NEW YORK, Feb 11 - While Celera's scientists have refocused their efforts from human genome sequencing to the challenges of functional genomics, applied genomics, and proteomics, the Human Genome Project's army of scientists plans to continue sequencing the genome, a task that could take another two years.
Celera's scientists write in their paper on the sequence of the genome, which is to be published in Science February 16, that the clear next step is to "define the complexity that ensues when this relatively modest set of 30,000 genes is expressed." The human genome project will publish its papaers in Nature on February 16, while the public and private efforts will hold a joint press conference to discuss their findings in Washington on Monday.
Recently, Celera undertook several collaborations aimed at attacking this broader problem of complexity, including a collaboration with Compaq and Sandia Laboratories to develop a life sciences computer and a collaboration with the Institut de Recherche Pierre Fabre in France to analyze how particular genetic variations impact breast cancer treatments. And Celera also launched a massive effort aimed at sequencing the human proteome.
The Genome Project researchers, however, believe that their clear next step is to finish the work they started, and complete a finished copy of the Human Genome by 2003.
"We got the low hanging fruit of the genome," said Robert Waterston, director of the Washington University Genome Sequencing Center and one of the Genome Project's key authors on the paper. "Ninety percent is plenty good enough to give us good insight into the overall composition of the human genome. But we didn't start out to have our project end in a draft sequence."
Currently, 95 percent of the genome has been sequenced in some form, Waterston said. But there are still gaps.
"The last four percent is the hardest to estimate, because we don't really have it in hand," he said.
Some of this DNA has been so far impossible to clone in BACs. This problem is nothing new, as scientists sequencing the C. Elegans worm found that up to 20 percent of its DNA resisted cloning in BACs, Waterston said. The researchers tried yeast clones for these regions with success, but this method may not work for the human genome.
Aside from this cloning problem, the most difficult regions remaining to be sequenced and mapped include long "repeats," or sections of the genome that involve either repeated nucleotide sequences such as CACACA..., repeated sequences interspersed within other sections of code, blocks of 10 to 300 kilobases that have been copied from one region of the genome to another, and tandem repeat sequences at the telomerase, centromeres and extrachromosomal DNA.

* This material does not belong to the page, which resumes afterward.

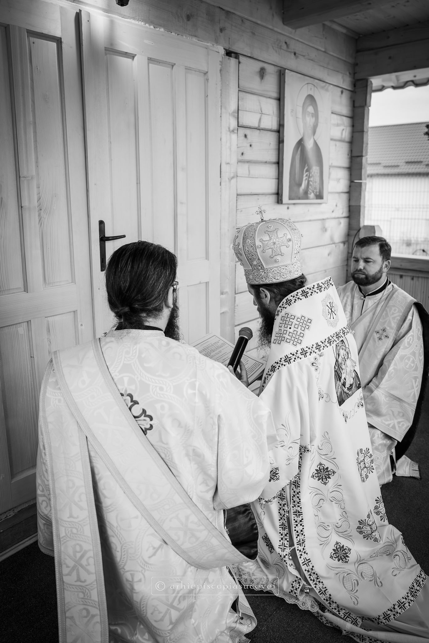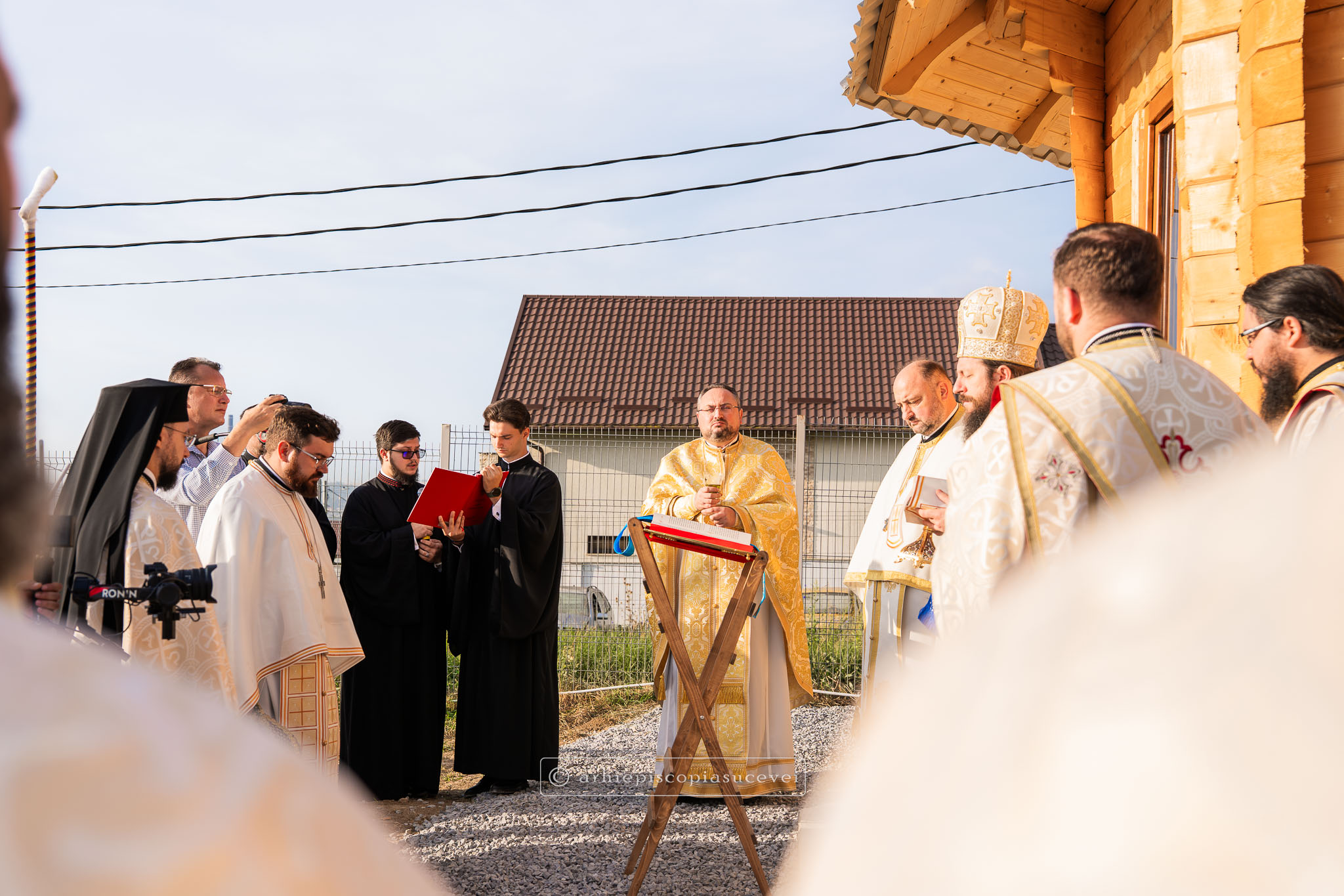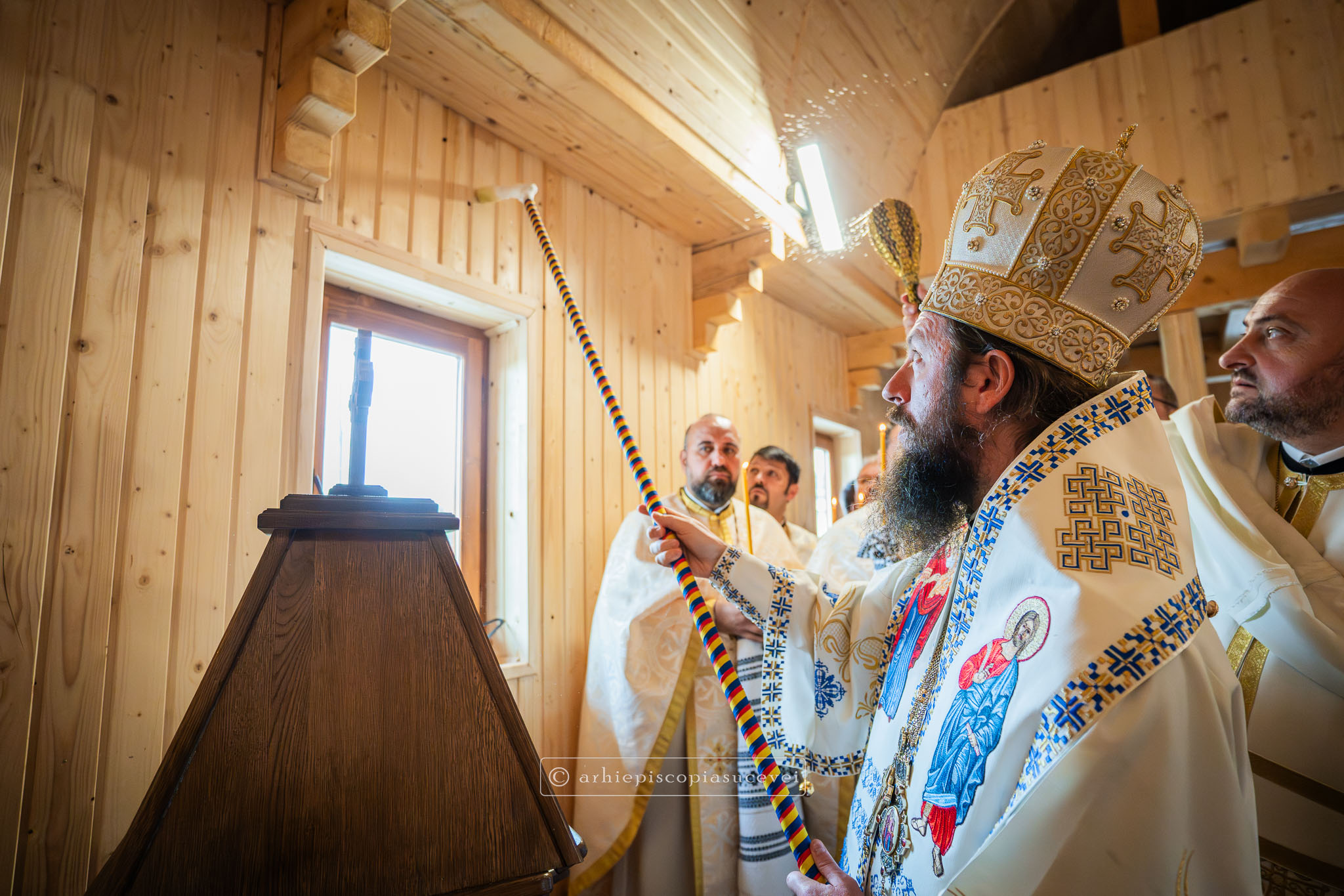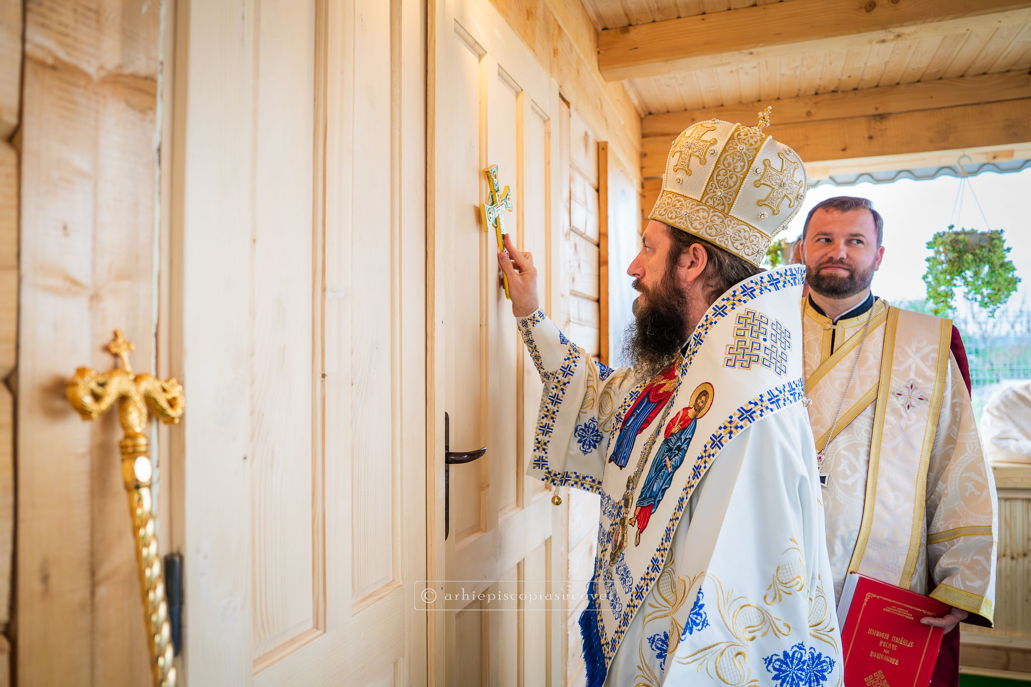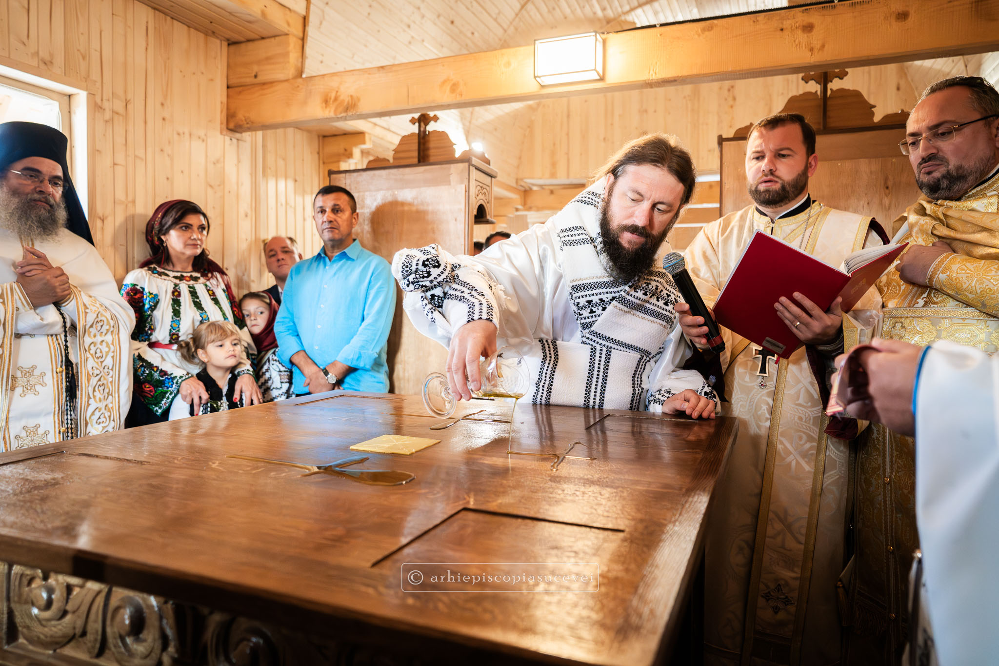 Slujba de târnosire a început cu invocarea harului Preasfintei Treimi în fața ușilor închise ale bisericuței din lemn, aceasta fiind mai apoi înconjurată de soborul slujitor, făcându-se trei opriri, pentru a o binecuvânta prin stropire cu apă sfințită și prin însemnarea în chipul Sfintei Cruci cu Sfântul și Marele Mir. Preasfinția Sa a pecetluit apoi masa Sfântului Altar și a sfințit interiorul bisericii, potrivit rânduielilor liturgice.

The Washington University Sequencing Center just finished the Y chromosome, and in doing so, "we learned a lot of things about how to finish nasty repeats," said Rick Wilson, co-director of the center. The two upper branches of the chromosome contain long inverted repeat sequences of up to a half megabase, or four BACs long, that seem to mirror one another, Wilson said. In order to determine where each long repeat went, the sequencers at Washington University had to painstakingly sequence entire clones, to find the one in 50,000 bases in which these repeats differed.
This fine-tooth comb sequencing will continue, with a mix of bench work and computer work, Wilson said. Computer tools include a program called Prefinish that sorts out unfinished clones as to degree of difficulty, then assigns them to a person with appropriate skill level. The sequencing centers will also use Phrap and other finishing tools they develop.
Eventually, some researchers may want to finish the genome to a greater extent than others, Waterston predicted. "There may be a separation [between researchers] depending on how anal-compulsive people are," he said. "We had the same thing in the worm, where it is increasingly exhausting to get the last little bits."